Ring 1 — Vietnam home regime

Vietnamese law is the cornerstone. CyberSkill JSC is a Vietnam-incorporated entity processing Vietnamese-citizen personal data. Every architectural decision in PRD §8 — RLS-by-default, per-tenant region pinning, Merkle-chained audit, A05 filings, mandatory DPO — exists to satisfy Vietnam first. PRD §12.1 documents the obligations; this section traces each regulation to a CyberOS module and FR.

🇻🇳

Decree 13/2023/NĐ-CP — Personal Data Protection

in force 2023-07-01

Vietnam's first comprehensive personal data protection regime. Introduces "sensitive personal data" (health, biometric, financial, criminal-record, ethnic, religious, sexual-orientation), requires a Data Protection Impact Assessment (DPIA) for any processing of sensitive data, mandates data subject consent for cross-border transfer, and establishes a notification regime to the Ministry of Public Security (MoPS / A05) for breaches and cross-border transfer of Vietnamese-citizen data.

Key obligations

  • Lawful basis required for every processing activity
  • Sensitive-data DPIA before processing (Article 24)
  • Cross-border transfer A05 notification (15-day form, "ngày-15")
  • Breach notification to MoPS within 72 h
  • Data Subject Access Request (DSAR) within 30 days
  • DPO designation (waived for SMEs under Decree 20/2026)

Penalties

  • Administrative fines up to VND 100 M (~$4,000) per violation
  • Compounded by Law 91/2025 fine schedule
  • Service suspension orders for repeat violations
  • Criminal liability under Penal Code §288 for major incidents

CyberOS response (locked in §8)

  • vn-shard Postgres with RLS for all Vietnamese-origin PD; Singapore region default, Vietnam-resident shard available from P2.
  • DPIA template as KB artifact; DPO (Founder until P3) signs before any new data category is ingested.
  • A05 cross-border-transfer audit trail in the Compliance subgraph; 15-day form auto-generated.
  • Sensitive-tagged facts in BRAIN Layer 2 are encrypted-at-rest with per-tenant KMS; never written to Layer 3 without explicit consent.
  • BRAIN ingestion denylist (DEC-036) structurally excludes compensation, equity, government IDs, bank accounts, and health data.
🛡

Decree 53/2022/NĐ-CP — Cybersecurity Law implementing decree

in force 2022-10-01

Obliges in-scope services — those that store user data of Vietnamese citizens for at least 24 months — to maintain data on Vietnamese soil and maintain an in-country office. CyberOS, while sold to a Vietnamese entity, is unlikely to qualify as in-scope until the platform processes data for Vietnamese client end-users (P4 PORTAL).

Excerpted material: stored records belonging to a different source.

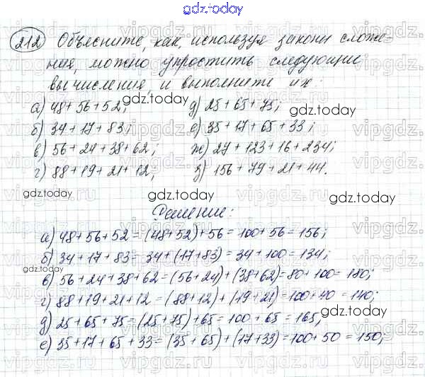Ответы к Решение к упражнениям 212 Учебнику по Математике для 5 класса Зубарева, Мордкович Мнемозина 2015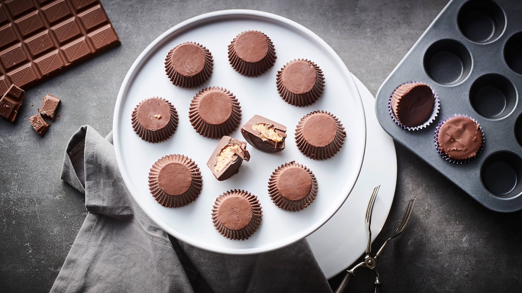 Unser Reeses Cups-Rezept könnte simpler nicht sein: In die Muffinförmchen kommt nichts als Vollmilchschokolade und Erdnussbutter, die Sie mit etwas normaler Butter, ein wenig Puderzucker und einer Prise Salz verfeinern. Verwenden Sie Erdnussmus, erhöhen Sie den Zucker- und Salz-Anteil ein wenig, da diese, anders als bei Erdnussbutter, dem Mus noch nicht vorab zugesetzt sind. 30 Minuten Arbeit, ein bisschen Wartezeit, bis im Gefrierfach alles fest geworden ist – und schon steht dem Genuss nichts mehr im Weg!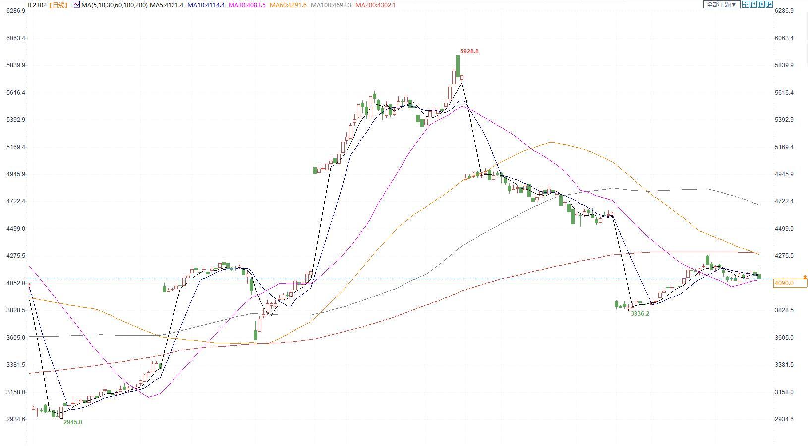 【今日涨跌】四大期指全线收跌。IH2302收盘价为2741.8,收跌0.40%;IF2302收盘价为4090,收跌0.70%;IC2302收盘价为6272.2,收跌1.57%;IM2303收盘价为6909.2,收跌1.66%。

Trigger criteria (in-scope test)

  • Collects Vietnamese-citizen personal info
  • Stores said data for ≥ 24 months
  • Offers services to ≥ 100k Vietnamese users or revenue ≥ VND 100 B
  • Receives data-localisation order from MoPS

CyberOS response

  • Employee data on Vietnamese soil from P2 onward (DEC-027)
  • PORTAL designed so VN-client-facing tenant defaults to vn-shard residency
  • Vietnam office maintained — CyberSkill JSC HCMC HQ
  • Annual review with VN counsel at every phase gate
🧮

Decree 20/2026/NĐ-CP — SME exemptions (NEW)

in force 2026-01-01

Gazetted Q4 2025; introduces a tiered compliance regime that exempts micro-enterprises (≤ 10 employees, ≤ VND 10 B revenue) from several Decree 13 obligations including the formal DPO appointment and the dedicated DPIA team requirement. CyberSkill JSC currently qualifies.

DEC-053 locked decision: CyberSkill JSC operates under Decree 20/2026 simplified SME regime in P0–P1, and pre-emptively graduates to the full Decree 13/2023 regime at P2 entry (month 7), independent of the headcount/revenue threshold being crossed.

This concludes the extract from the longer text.